Graphic by McKenna '14
Graphic by McKenna ’14

People come up to me all the time and say, “So, I guess since you are smart, you don’t really have to do any work, right?” I never really know how to respond. On the one hand, maybe since I am smart, if I were in all regular classes, I wouldn’t have to try as hard, but I chose my schedule with the goal of stretching myself, so my four AP and one Honors classes last year definitely forced me to work hard. When people assume that I was born with natural intelligence, it diminishes the reality of my achievements and what it took to achieve them– endless hours slaving under a desk lamp and countless Friday nights spent at home with my AP European timeline and Louis XIV as my only companions. Despite the common misconception, let me clear one thing up.
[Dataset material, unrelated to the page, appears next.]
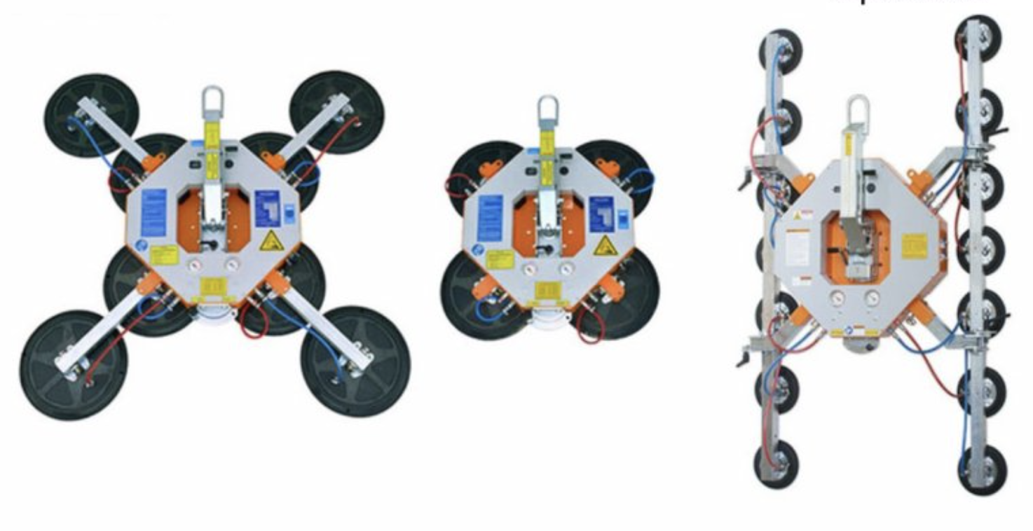 Přísavku je možné zavěsit na hák jeřábu nebo jiného zdvihacího zařízení. Po demontáži závěsného ramene může být přísavka napevno zajištěna k vahadlu, což zajistí instalaci skla pod převisem v perfektní svislé poloze.
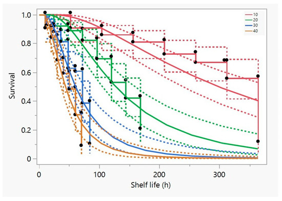 Survival time (h) at different temperature levels using the Kaplan–Meier estimator.

There is a huge difference between being naturally smart and working hard.

At Marlborough School, everyone is generally smart, meaning that we are able to grasp concepts, apply knowledge and respond to new situations well. There is, of course, a range of intelligence levels within Marlborough, but as a whole Marlborough students don’t have much to worry about as far as intelligence goes. However, I think that many girls at Marlborough are frustrated because they feel they work as hard as they can but still don’t seem to achieve the same results as their classmates.
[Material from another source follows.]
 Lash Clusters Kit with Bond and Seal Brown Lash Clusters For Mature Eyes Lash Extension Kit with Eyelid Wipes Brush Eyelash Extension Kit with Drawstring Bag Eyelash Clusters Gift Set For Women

While I am sure that, to some, achieving high grades looks effortless, I can basically guarantee that most students at Marlborough, even those who make school seem easy, work very hard. Because of each girl’s individual circumstances, it is difficult to compare grades and test scores, the alleged final results of academic achievement.

Despite popular belief, natural intelligence is not always beneficial. At the beginning of middle school and through high school, naturally smart people do not have to work as hard as some of their peers to do well, because they can generally grasp more information. They may not develop study skills or know what it is like to face failure and learn from their mistakes in order to excel. They are used to being the best in their classes and always understanding everything. So when these students reach harder classes at the end of high school or in college, they may not know what to do. They may not know how to react to doing poorly, and they get frustrated and give up.

However, students who face adversity in high school and middle school, where they begin to understand their own learning styles and how to succeed on their own, are more able to deal with bumps later in life and can overcome them with ease and grace.

In the context of sports, people often say, “Hard work will take you further than natural talent,” and I believe that this saying is applicable to all aspects of life. Hard workers set themselves up for better possibilities in the future and are more likely to achieve success later in life. People who are naturally smart can get lazy; just doing the bare minimum, knowing that it will suffice for a while, can be problematic later in life. So even if you feel like your attempts are futile now, keep going.  Soon your hard work will pay off!